Once upon a time there was a very well-devised SIMD instruction set. Its name was NEON, or formally — ARM Advanced SIMD — ASIMD for short (most people still called it NEON). It was so nice, that veteran coders versed in multiple SIMD ISAs often wished other SIMD ISAs were more like NEON.

NEON had originated as part of the larger ARM ISA version 7, or ARMv7, for short. After much success in the mobile and embedded domains, ARMv7 was superseded by what experts acknowledged as the next step in the evolution of modern ISAs – ARMv8. It was so good that it was praised by compiler writers as possibly the best ISA they could wish for. As part of all the enhancements in the new ISA, NEON too got its fair share of improvements – and so ASIMD2 superseded NEON (ARMv8’s SIMD ISA is called ASIMD2, but some call it NEON2).

Now, one of the many things the original NEON got right was the permute capabilities. Contrary to other ISAs whose architects kept releasing head-banging permute ops one after another, the architects of NEON got permutes right from the start. They did so by providing a compact-yet-powerful set of permutation ops, the most versatile of which, by far, being the tbl op and its sister op tbx; each of those provided a means to compose a SIMD vector from all the thinkable combinations of the individual byte-lanes of up to 4 source SIMD vectors. Neat. The closest thing on AMD64 is pshufb from SSSE3, but it takes a single vector as input (and the AVX2 256-bit vpshufb is borked even further).

Not only NEON had those ops on an architectural level, but the actual implementations – the different μarchitectures that embodied NEON, did so quite efficiently. Second and third generation performant ARMv7 Cortex CPUs could issue up to two tbl ops per clock and return the results as soon as 3 clocks later.

So, with this fairy tale to jump-start our story, let’s teleport ourselves to present-day reality.

I was writing down an ingenious algorithm last week, one that was meant to filter elements from an input stream. Naturally, the algorithm relied heavily on integer SIMD vectors for maximum efficiency, and it happened so that I was writing the initial version on ARM64, with plans for later translation to AMD64. Now, as part of that algorithm, a vector-wise horizontal sort had to be carried – something which is best left to a sorting network (See Ken Batcher’s Sorting Network algorithms). Sorting networks are characterized by doing a fixed number of steps to sort their input vector, and at each of those steps a good amount of permutations occur. As I was sorting a 16-lane vector (a rather wide one), its sorting network was a 10-deep one, and while some of the stages required trivial permutations, others called for the most versatile permutes of them all – the mighty tbl op. So I decided that for an initial implementation I’d use tbl throughput the sorting network.

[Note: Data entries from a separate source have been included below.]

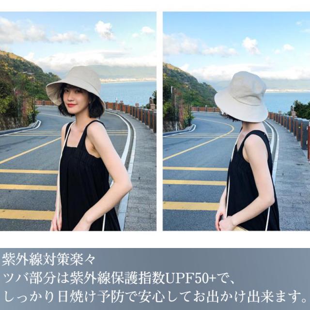 帽子 レディース ハット 日よけ帽子 つば広 UVカット アゴ紐付き バケットハット 小顔効果 紫外線対策 アゴ紐付き 無地 旅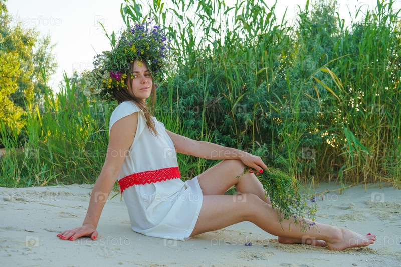Девушка в белом платье славянского вида с букетом и венком диких цветов на голове сидит на песке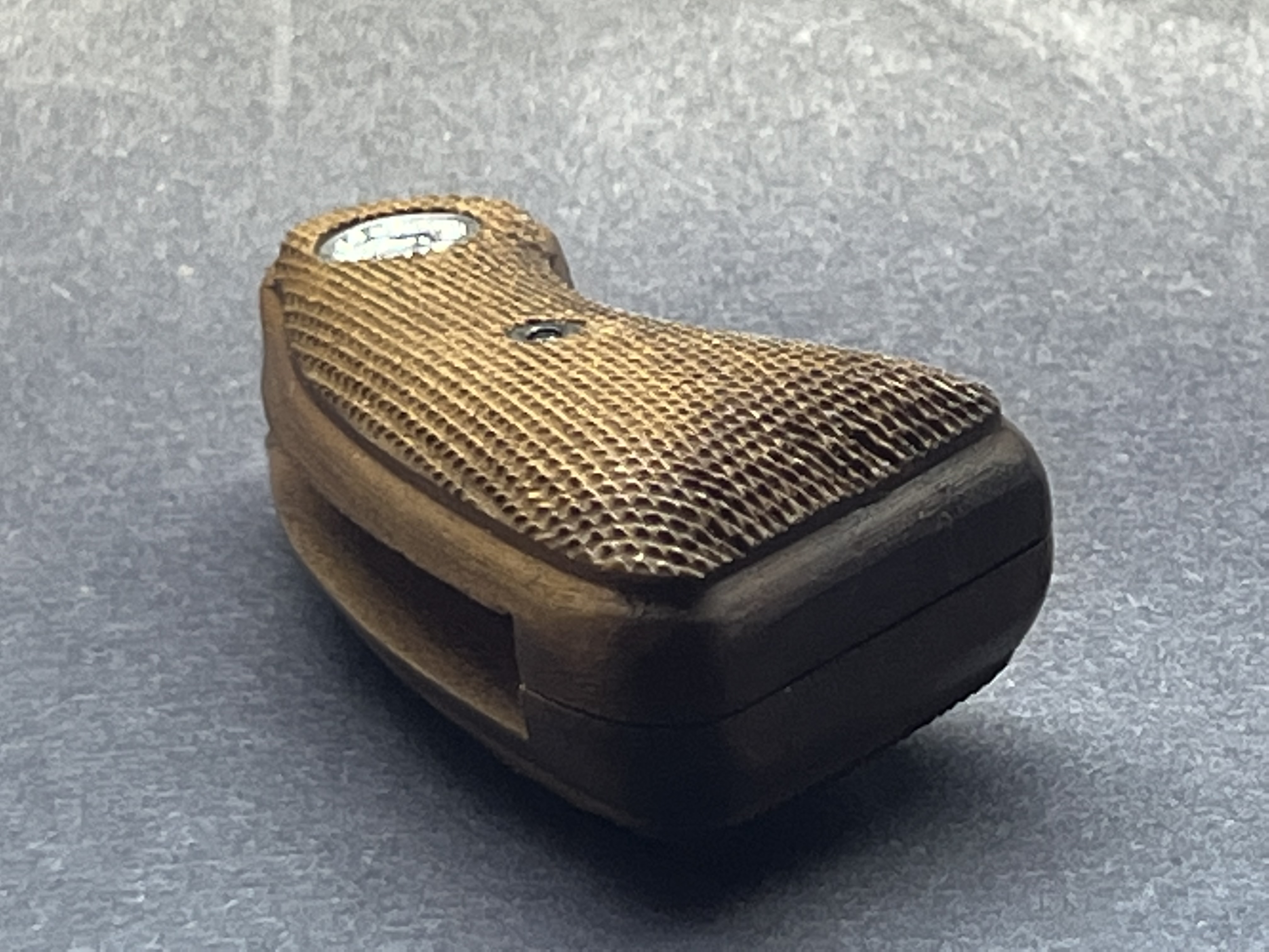 そして底にプレートが貼ってある説! 確かに貼ってあるようにも見えるのですが、手すりに置かれたガンの写真を露出を明るくしてみました。 私には底の真ん中に薄く線が見えるので左右のグリップの分かれ目と取りました。 つまりプレートではなくそういうデザインかと? ここにあるグリップも底をもうすこし平らに削ると同じようになるのではないかと思いました。 それはグリップの個体差なのか?とも思われます。 | |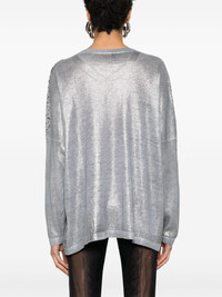 crystal-embellished V-neck jumper Highlights - Medium grey - Linen-cotton blend - Fine knit - Metallic finish - Crystal embellishment - Ribbed v-neck - Drop shoulder - Long sleeves - Ribbed cuffs and hem - Straight hem Made in Italy Composition Linen/Flax 77%, Cotton 23% SIZE & FIT Model measurements Height 5 ft 9 in(1.76 m) Bust/Chest 31.88 in(81 cm) Hips 35.43 in(90 cm) Waist 24.8 in(63 cm) FittingInformation Designed to be unstructured, offering a loose fit throughout Made with a midweight knit, this piece offers some stretch This piece fits true to size – take your usual size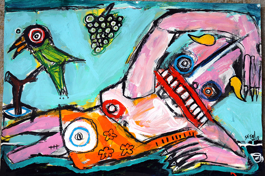 "Reclined" acrylic/mix on archival paper 22" x 15" *SOLD email sesow@sesow.com to reserve/ask about purchasing. please include url and description. |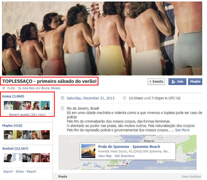 Πολλές χιλιάδες γυναίκες έχουν επιβεβαιώσει την παρουσία τους στο «Toplessaço» την 21η Δεκεμβρίου, προκειμένου να διαδηλώσουν κατά την υποκρισίας της χώρας που απαγορεύει το τόπλες στις παραλίες, αλλά επιτρέπει στις γυναίκες να παρελαύνουν γυμνόστηθες κατά το καρναβάλι στο Ρίο.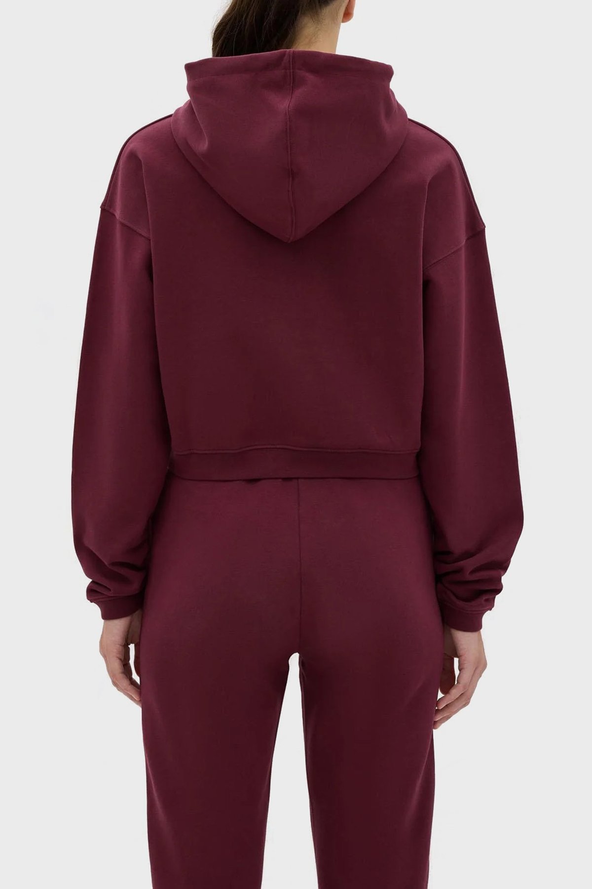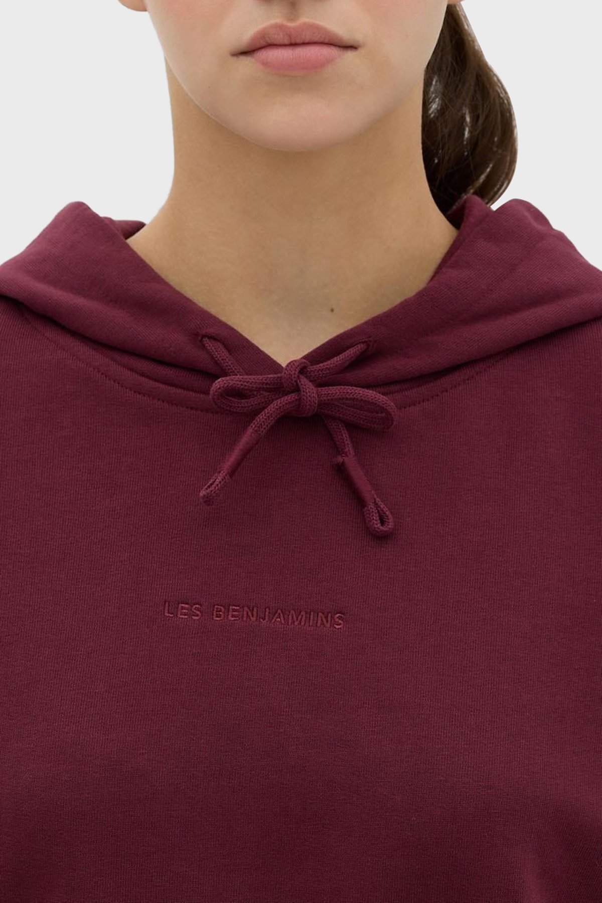 Kapüşonlu % 100 Pamuk Crop Fit Bayan Sweat LB23FWESSFUHD-301 BORDO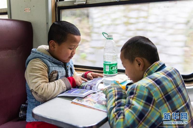 4月11日,两名儿童在7266次列车上看书。新华社记者 陈思汗 摄

As I was writing the algorithm away from home, I was using my trusty Ubuntu tablet (Cortex-A53, ARM64) as a workstation (yes, with a keyboard). I had a benchmark for a prima-vista version up and running off L1 cache, showing the algo performing in line with my work-per-clock expectations. It wasn’t until early on the following week that I was able to finally test it on my Cortex-A72 ARM64 workhorse desktop. And there things turned bizarre.

To my stupefaction, on the A72 the bench performed nothing like on the A53. It was effectively twice slower, both in absolute times as well as in per-clock performance (tablet is 1.5GHz, desktop is 2.0GHz but I kept it at 1.3GHz when doing nothing taxing). I checked and double-checked that the compiler had not done anything stupid – it hadn’t – disassembled code was exactly as expected, and yet, there was the ‘big’ A72, 3-decode, 8-dispatch, potent-OoO design getting owned by a ‘little’ tablet’s (or a toaster’s – A53s are so omnipresent these days) in-order, 2-decode design. Luckily for me, my ARM64 desktop is perf-clad (perf is the linux profiler used by kernel developers), so seconds later I was staring at perf reports.

There was no room for guessing – there were some huge, nay, massive stalls clumped around the permute ops. The algo was spending the bulk of its time in stalling on those permutes. Those beautiful, convenient tbl permutes – part of the reason I went to prototype the algo on ARM64 in the first place. The immediate take was that A72 tbl op performed nothing like the A53 tbl op. Time to dust up the manual, buddy. What I saw in the A72 (and A57) optimization manual had me scratch my head more than I could’ve expected.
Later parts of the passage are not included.